• Task: Leaving pictures aside, restate exactly the lines of the data below, from the first one through the line that contains "İBB tarafından hangi".

Records from a data source:
#####
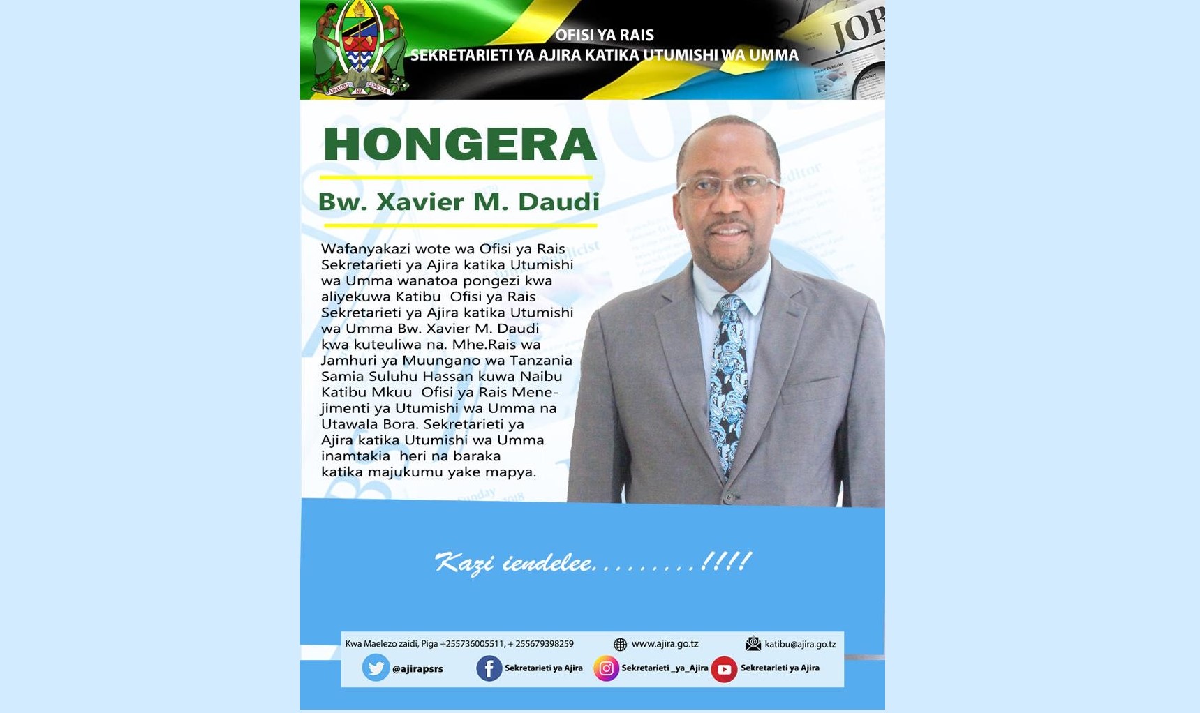 Menejimenti na Watumishi wa Ofisi ya Rais, Sekretarieti ya Ajira katika Utumishi wa Umma wanampongeza Waziri Mkuu wa Jamhuri ya Muungano wa Tanzania, Mhe. Kassim Majaliwa kwa kuaminiwa na kuteuliwa kwake kwa mara nyingine kuwatumikia Watanzania,
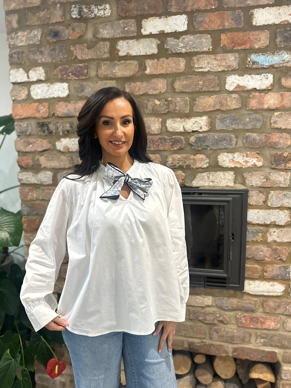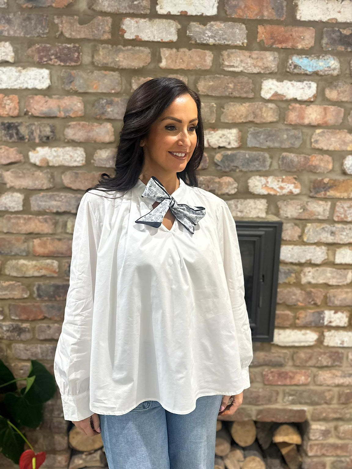 Elevate your everyday wardrobe with the Jackie blouse, crafted from crisp cotton that feels as good as it looks. The signature satin-style neck scarf adds a touch of elegance and sophistication to your neckline, while remaining completely removeable so you can style it your way. Whether you wear it tied for a polished finish or detached for a clean, minimalist look, this versatile piece adapts to your mood and occasion. Perfect for work, weekend outings, or anywhere you want to feel confident and put-together.
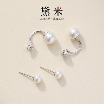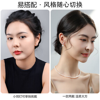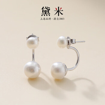 黛米S925银无核馒头圆8-9mm淡水珍珠耳钉母亲节礼物送女友老婆附证书
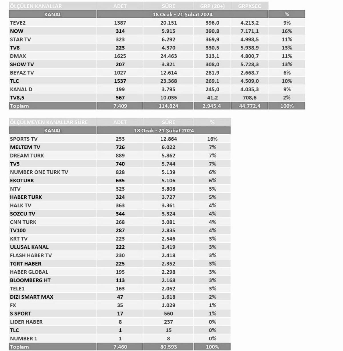 İBB tarafından hangi kanala kaç dakika, kaç adet reklam verildiğine ilişkin 100 milyon TL'lik harcamanın ayrıntılı listesi dolaşıma girdi.
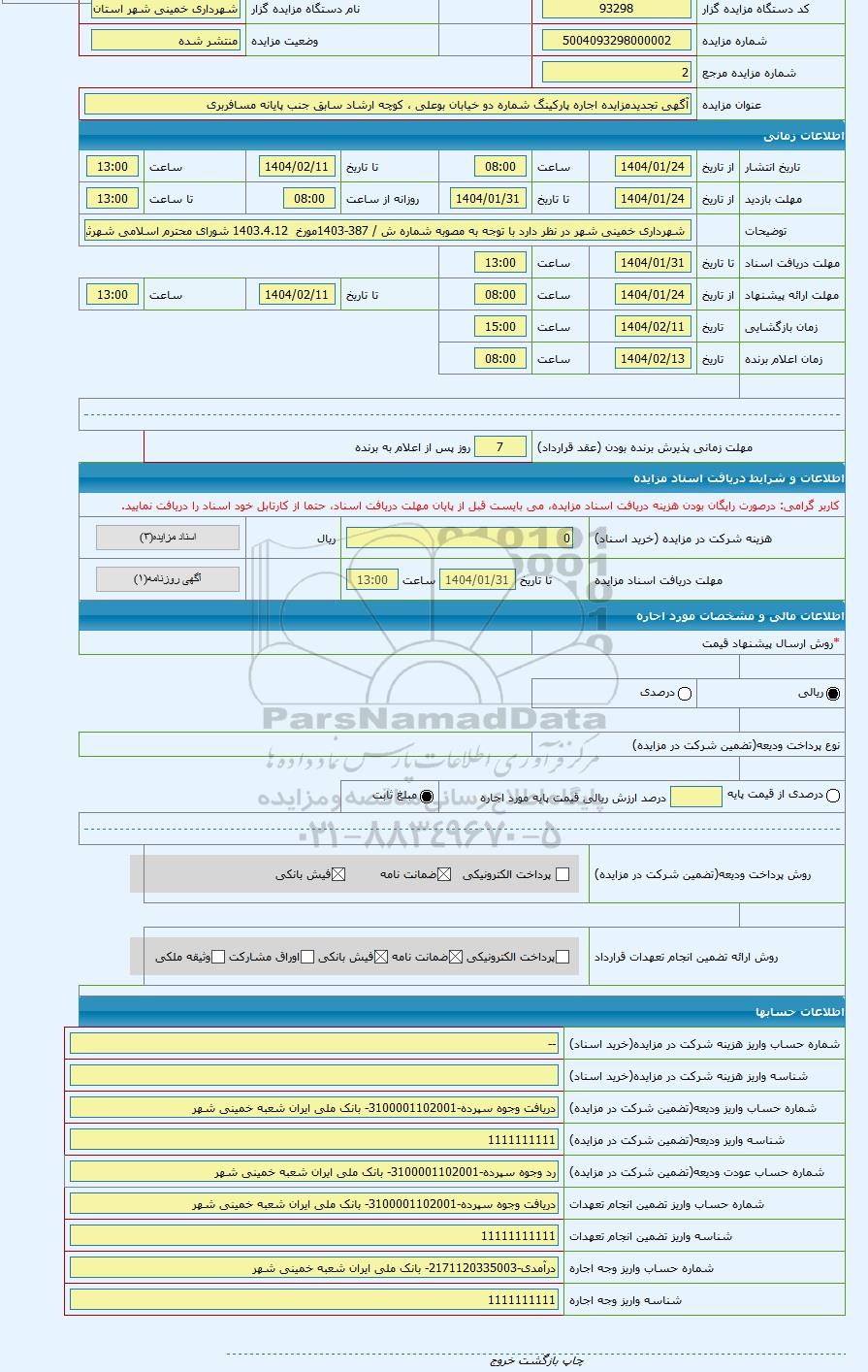 اطلاعات زمانی| تاریخ انتشار از تاریخ | 1404/01/24 | ساعت | 08:00 | تا تاریخ | 1404/02/11 | ساعت | 13:00 | | مهلت بازدید از | 1404/01/24 | تا تاریخ | 1404/01/31 | روزانه از ساعت | 08:00 | تا ساعت | 13:00 | | توضیحات | شهرداری خمینی شهر در نظر دارد با توجه به مصوبه شماره ش / 387-1403مورخ 1403.4.12 شورای محترم اسلامی شهرثبت در سامانه تدارکات دولت به شماره 5004093298000002مورخه1404.1.19 نسبت به اجاره پارکینگ شماره | | مهلت ارائه پیشنهاد از تاریخ | 1404/01/24 | ساعت | 08:00 | تا تاریخ | 1404/02/11 | ساعت | 13:00 | | زمان بازگشایی تاریخ | 1404/02/11 | ساعت | 15:00 | | زمان اعلام برنده تاریخ | 1404/02/13 | ساعت | 08:00 |
#####
• Exercise response:
 Menejimenti na Watumishi wa Ofisi ya Rais, Sekretarieti ya Ajira katika Utumishi wa Umma wanampongeza Waziri Mkuu wa Jamhuri ya Muungano wa Tanzania, Mhe. Kassim Majaliwa kwa kuaminiwa na kuteuliwa kwake kwa mara nyingine kuwatumikia Watanzania,
 Elevate your everyday wardrobe with the Jackie blouse, crafted from crisp cotton that feels as good as it looks. The signature satin-style neck scarf adds a touch of elegance and sophistication to your neckline, while remaining completely removeable so you can style it your way. Whether you wear it tied for a polished finish or detached for a clean, minimalist look, this versatile piece adapts to your mood and occasion. Perfect for work, weekend outings, or anywhere you want to feel confident and put-together.
 黛米S925银无核馒头圆8-9mm淡水珍珠耳钉母亲节礼物送女友老婆附证书
 İBB tarafından hangi kanala kaç dakika, kaç adet reklam verildiğine ilişkin 100 milyon TL'lik harcamanın ayrıntılı listesi dolaşıma girdi.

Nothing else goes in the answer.